JuliaLang / julia

The Julia Programming Language
https://julialang.org/
MIT License
45.73k stars 5.49k forks source link

Parsing BCE date string #42790

Open pbellette opened 3 years ago

pbellette commented 3 years ago

Hi, I'm running into a issue trying to parse BCE date strings. I'm expecting the following to work (from reading the docs I believe BCE dates are supported). E.g running

DateTime("-1-1-1T:10:00:00", DateFormat("y-m-dT:H:M:S"))

or

DateTime("-1-1-1T10:00:00", ISODateTimeFormat)

But both examples give an error (julia 1.6.2). Every possibility that I just don't know what I am doing here...

mgkuhn commented 3 years ago

Some background on the ISO 8601 standard that defines this notation:

The original ISO 8601:1988 standard was not intended to be used for years outside the range 0000 to 9999.

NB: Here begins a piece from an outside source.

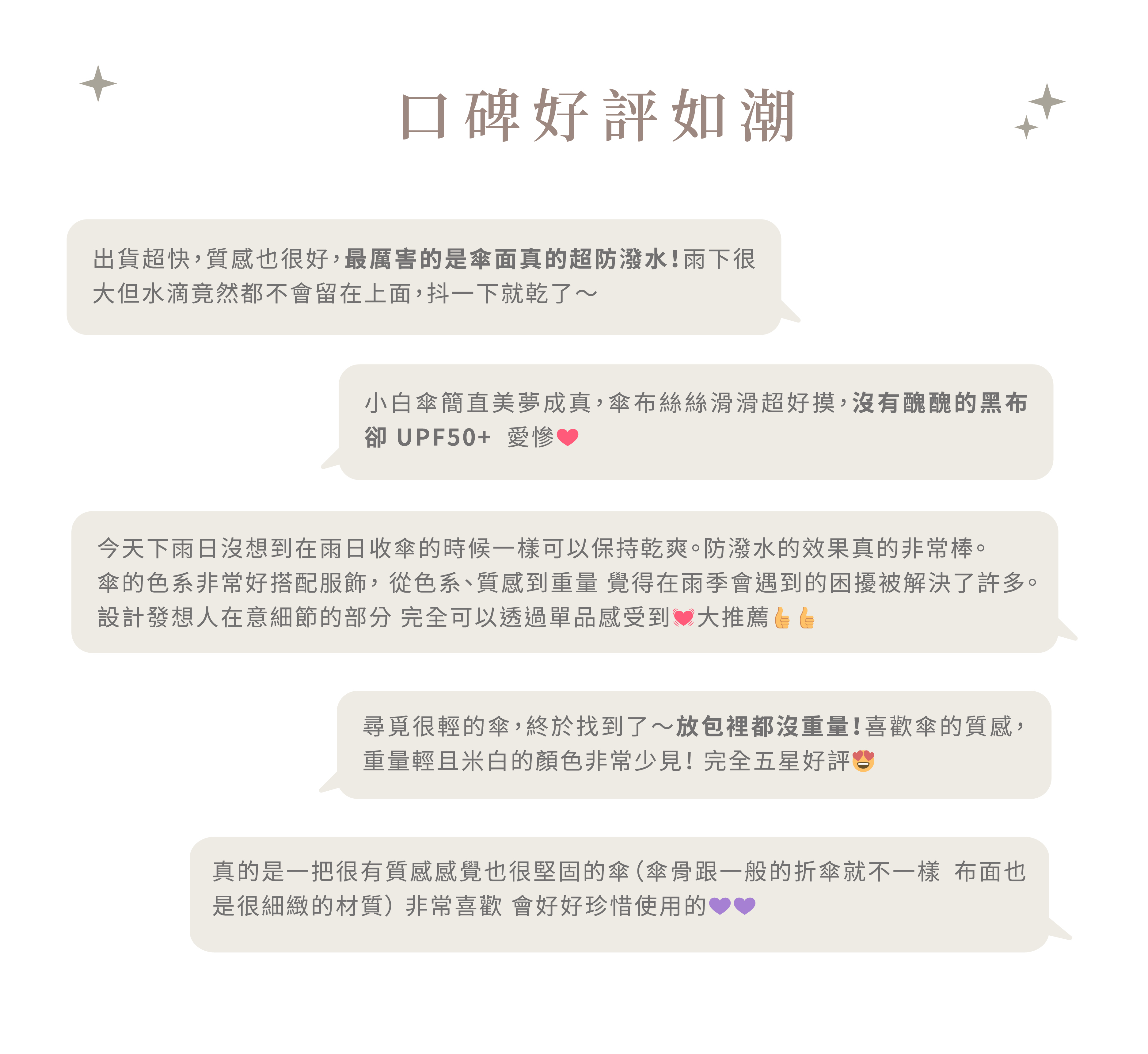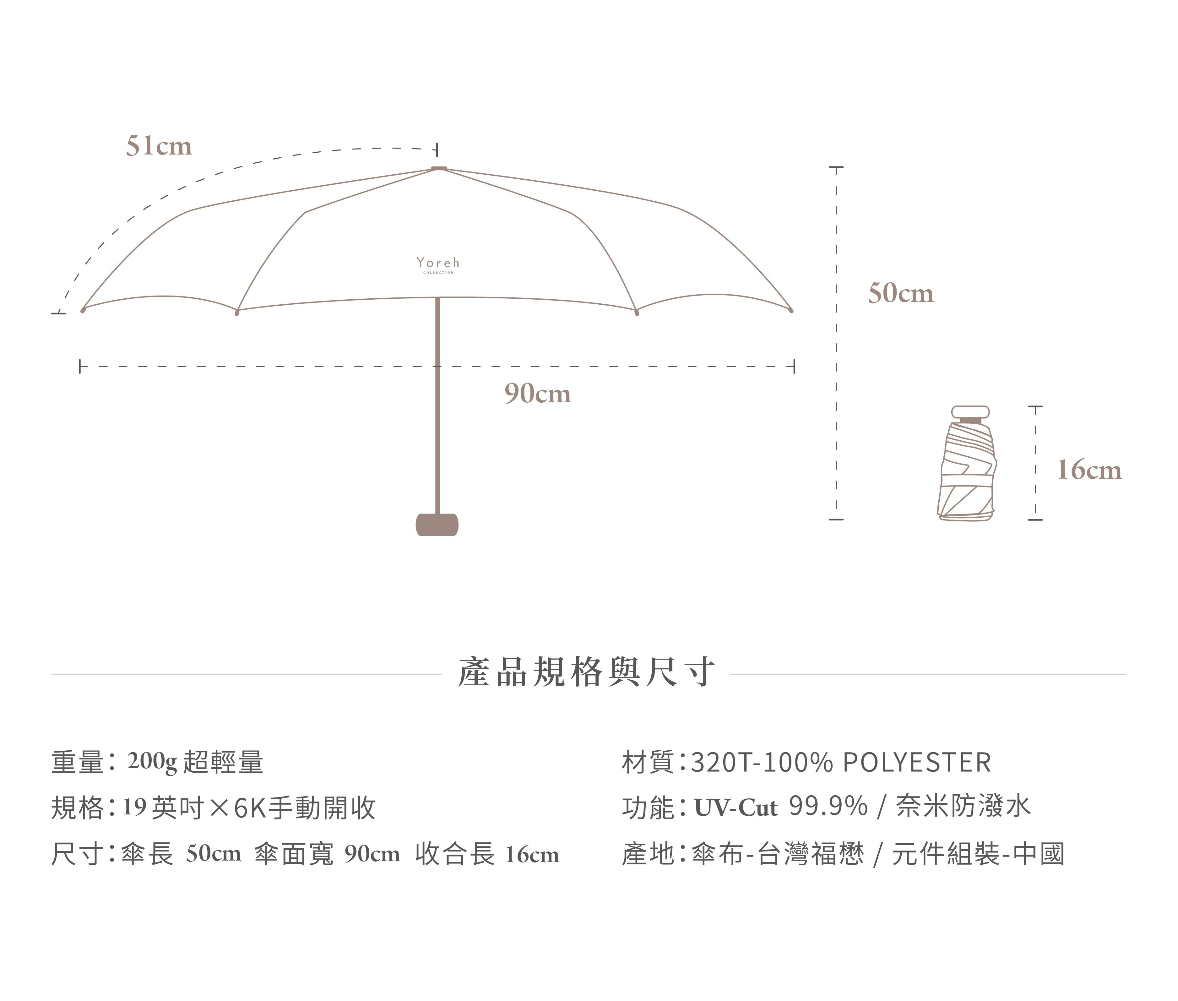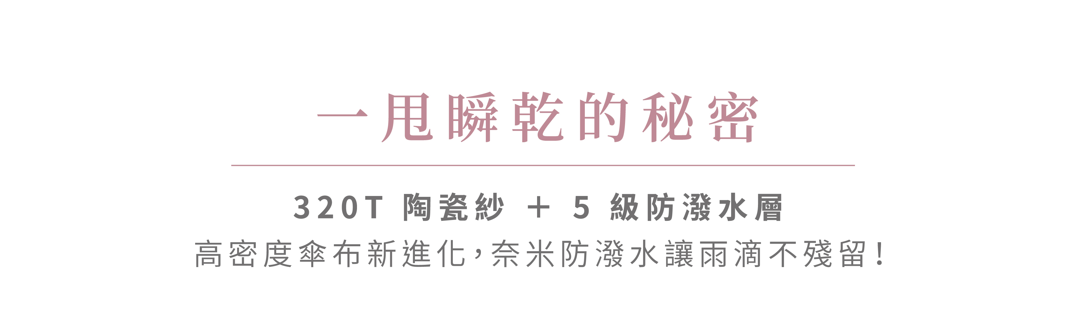 • 320T陶瓷紗傘布,觸感細緻柔軟

The ISO 8601:2004 revision added an “expanded representation” for years outside that range:

4.1.2.4 Expanded representations If, by agreement, expanded representations are used, the formats shall be as specified below. The interchange parties shall agree the additional number of digits in the time element year. In the examples below it has been agreed to expand the time element year with two digits. a) A specific day Basic format: ±YYYYYMMDD Example: +0019850412 Extended format: ±YYYYY-MM-DD Example: +001985-04-12 [...]

(The underline means zero or more repetitions of that digit.)

Note that without “agreement”, the “basic format” (without hyphens) becomes more ambiguous, e.g. does +12121212 mean December of the year 121212 or just the year 12121212?

The standard also says

This International Standard allows the identification of calendar years by their year number for years both before and after the introduction of the Gregorian calendar. For the determination of calendar years, the year number and the calendar day within the calendar year only the rules mentioned above are used. For the purposes of this International Standard the calendar based on these rules is referred to as the Gregorian calendar. The use of this calendar for dates preceding the introduction of the Gregorian calendar (also called the proleptic Gregorian calendar) should only be by agreement of the partners in information interchange. The introduction of the Gregorian calendar included the cancellation of the accumulated inaccuracies of the Julian calendar. However, no dates shall be inserted or deleted when determining dates in the proleptic Gregorian calendar. NOTE In the proleptic Gregorian calendar, the calendar year [0000] is a leap year.

So generally, ISO 8601 wasn't intended to be used with “BCE” years (where the year 1 BCE comes directly before the year 1 CE and there is no year zero), but instead was intended to be used with the “proleptic Gregorian calendar” commonly used by astronomers, which uses integer numbering of years, i.e. the year before 1 is called 0 and the year before that is −1 (= 2 BCE).

In the latest ISO 8601-1:2019 revision of the standard, the rules appear to be essentially the same.

mgkuhn commented 3 years ago

Looking at https://github.com/JuliaLang/julia/blob/8aea375d79daf7270fa668f67fbcb368aff1e9fa/stdlib/Dates/src/parse.jl#L199 I don't see any existing support in the ISODateTimeFormat parser for signed years, i.e. dy can't be negative at the moment.

That method apparently could be extended in a compatible way, to allow a preceding + or -, as both currently cause errors, and as it only supports the extended format (with hyphens).

But I'm not sure that method is even used, according to the stack trace, which instead appears to have called tryparsenext_internal.

mgkuhn commented 3 years ago

The support for negative years in ISO 8601 notation appears currently limited to generating them via DateTime(-1,1,1,10,0,0), but not via parsing them.